Uptitration was done after assessment of the therapeutic response and tolerability by the above-mentioned scores. Blinding and randomization were carried out by an independent person unrelated to the study. The drug packets were administered to patients serially according to the patient’s reporting sequence. A median pain score reduction on the basis of the VAS of >50%, between 25 and 50%, and <25% were considered as good, moderate, and mild responses, respectively. Overall improvement in pain intensity of ≥30 and ≥50% also was assessed. Assessments for depression and change in sleep pattern were performed at the beginning and end of each of the treatments, PGIC was assessed at the end of each treatment period, and patient preference of treatment was carried out fortnightly after beginning the second treatment, whereas all other assessments were performed at each of the 2-weekly follow-up visits. The investigator administered the drug and performed assessment for the efficacy and safety at each visit and was accessible by telephone to all patients throughout the study. No additional dose escalation was carried out in the case of appearance of adverse events, lack of benefit with the initial two doses (no benefit on patient VAS), patient’s satisfaction with pain relief, the highest dose was reached, or patient’s noncompliance. Patients were reminded by telephone calls for the due visits and also were traced for missed visits. In case of a missed visit, the patient was given the scheduled dose if he/she turned up during the stipulated time of 2 weeks or else the placebo washout was given and the next scheduled drug was started. Patients were not allowed any pain medication other than up to 3 g per day paracetamol as a rescue medication during the trial period, except 24 h prior to assessment. Compliance was assessed by direct questioning and pill counting. Success of blinding was assessed by the accuracy of the physician’s prediction at the end of the study.

Statistical analysis

The sample size calculation was based on the means and SDs observed for pain scores in previous trials of duloxetine versus placebo and amitriptyline versus placebo in PDN. The efficacy of both drugs was estimated to be 70%. To prove that there is no difference in efficacy between the two treatments, with two-sided significance levels of 2.5% and power of 80%, a within-subject SD of 20%, and a maximum-allowable difference of 10%, the total number of patients to be included was 44. Because of its cross-over design, with 40% noncompliance and loss to follow-up, we decided to include a total of 60 patients in the study. The primary and secondary efficacy analyses were performed on the intention-to-treat population, defined as patients who received at least one dose of randomized study medication and had at least one postbaseline efficacy assessment. Values are expressed as means ± SD, median with interquartile range (IQR), and numbers and percentages.
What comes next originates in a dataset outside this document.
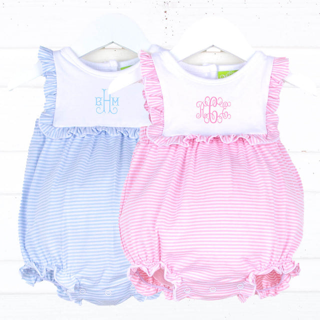 This Stripe Knit Bib Bubble is an irresistible choice for any season. Soft and sweet pink and blue stripes with ruffle bib detailing for an extra touch of charm. With convenient snaps for easy dressing, this girl's bubble is both stylish and practical. You can make it even more special by adding a monogram to create a personalized look.

The median pain scores, the patient VAS, the Likert pain scale, and the McGill Pain Questionnaire were compared using the Wilcoxon matched-pair test. In addition, data from all visits were compared with baseline scores using the Friedman test for intragroup comparison. PGIC was compared by the McNemar-Bowker test. The Hamilton Depression Rating Scale, altered sleep pattern, percentage of patients showing improvement, treatment preference, and incidence of adverse events were compared using the χ2 test or Fisher exact test. Baseline parameters were compared by the Student paired or unpaired t test, χ2 test, or Fisher exact test. A P value <0.05 was considered significant. SPSS (version 12.0) was used to perform analysis.
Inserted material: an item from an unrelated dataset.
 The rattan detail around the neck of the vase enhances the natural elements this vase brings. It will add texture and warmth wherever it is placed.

The study was conducted between March 2009 and April 2010. Patient demography, clinical characteristics, and disposition through the study period are summarized in Table 1 and Fig. 1, respectively. Of 203 patients screened, 86 were found to be eligible and 65 patients reported for randomization following the run-in period. Of a total of 58 patients, 53 (91%) completed the study with >80% compliance. The reasons for noncompliance included frequent follow-up visits and long distance from home to the hospital. Scores at baseline both before and after the crossover were similar in the two groups, and, thus, the data were pooled. No patient suffered from depression as per the Hamilton Depression Rating Scale. Previously tried treatments for neuropathic pain included the use of pregabalin in 20%, amitriptyline in 8%, and duloxetine and gabapentin in 2% of patients each.
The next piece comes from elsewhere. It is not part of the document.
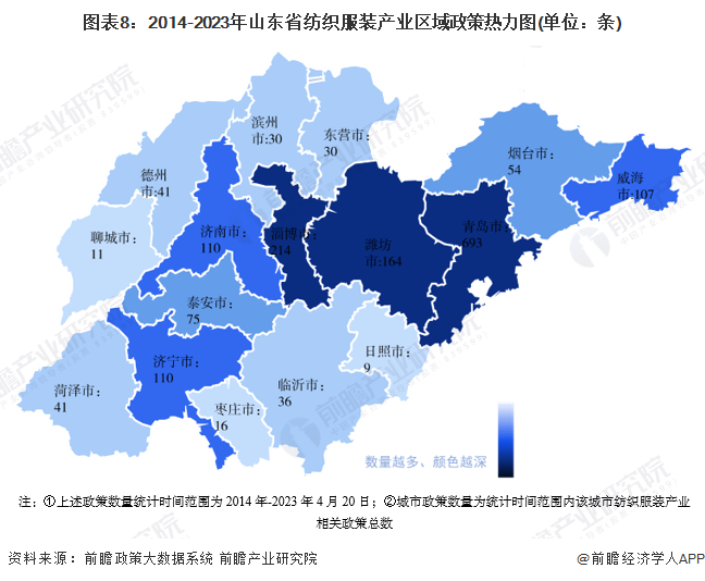 除省级产业政策外,山东省下辖16个地级市也通过出台相关产业发展政策,助推地区纺织服装产业发展。从山东省16个地级市2014年至今发布的纺织服装产业相关政策数量来看,青岛市、淄博市和潍坊市发布的纺织服装产业相关政策数量最多,其中,青岛市相关政策发布达693条,远超其他地级市。青岛市是中国近现代纺织业的发祥地之一,纺织服装作为特色优势产业是青岛消费品工业的重要支撑,在相关政策支持下青岛市纺织服装行业朝着高质量发展方向,继续转型提质。

With duloxetine, 59% (n = 34) of patients showed good improvement, 22% (n = 13) showed moderate improvement, and 9% (n = 5) showed mild improvement. With amitriptyline, 55% (n = 32) of patients showed good improvement, 24% (n = 14) showed moderate improvement, and 16% (n = 9) showed mild improvement (Fig. 2).

Overall pain relief of >30% was observed in 64 and 62% of patients with duloxetine and amitriptyline, respectively, and >50% improvement was seen in 59 and 55% of patients with duloxetine and amitriptyline, respectively. No significant difference in the efficacy between the two treatments was observed on other scales as well (McGill Pain Questionnaire and Likert scale), and both drugs significantly relieved pain at 6 weeks (P < 0.001 for both). Significant improvement in sleep and overall well being was observed with both drugs (P < 0.001 for both).

Of the total study population 5, 14, and 30% preferred 20, 40, and 60 mg duloxetine, respectively, whereas 5, 22, and 9% preferred 10, 25, and 50 mg of amitriptyline, respectively, based on pain relief and tolerability. In the whole cohort, 48% (n = 28) of patients preferred duloxetine and 36% (n = 21) of patients preferred amitriptyline, but it was not statistically significant (P = 0.18). In addition, 16% of patients had no preference, out of which 9% were equally satisfied and 7% were equally dissatisfied with either treatment options. Forty-eight percent (n = 28) of patients with amitriptyline and 65% (n = 38) with duloxetine were uptitrated to their highest doses of 50 and 60 mg, respectively. Significantly more patients preferred a higher dose of duloxetine (n = 17) compared with amitriptyline (n = 5; P < 0.02).

Table 2 depicts TEAEs with the two drugs. The events were similar between amitriptyline (n = 111) and duloxetine (n = 112). The number of mild TEAEs with duloxetine was higher compared with amitriptyline (P < 0.02), whereas the number of moderate to severe TEAEs, limiting dose uptitration and requiring intervention or discontinuation of the drug, was higher with amitriptyline (P < 0.01). Moderate to severe TEAEs were more common with amitriptyline compared with duloxetine (51 vs. 24% of patients; P < 0.01). Of all the events, dry mouth was significantly more common with amitriptyline (P < 0.01). The more common adverse events reported with duloxetine were constipation and somnolence. No significant change in weight was noticed with either therapy. The mean A1C levels improved from 8.2 to 7.8% (P < 0.01). The fasting and postprandial plasma glucose levels, lipid profile, and renal and liver function tests did not change significantly with either of the drugs over the treatment period. The investigator was able to identify the prescribed drug correctly in 34% of the patients at the run-out phase. The median VAS (IQR) score increased from 26 (10–40) to 40 (20–54) at the end of run-out phase (P < 0.001), and the average run-out duration was 21 ± 12 days.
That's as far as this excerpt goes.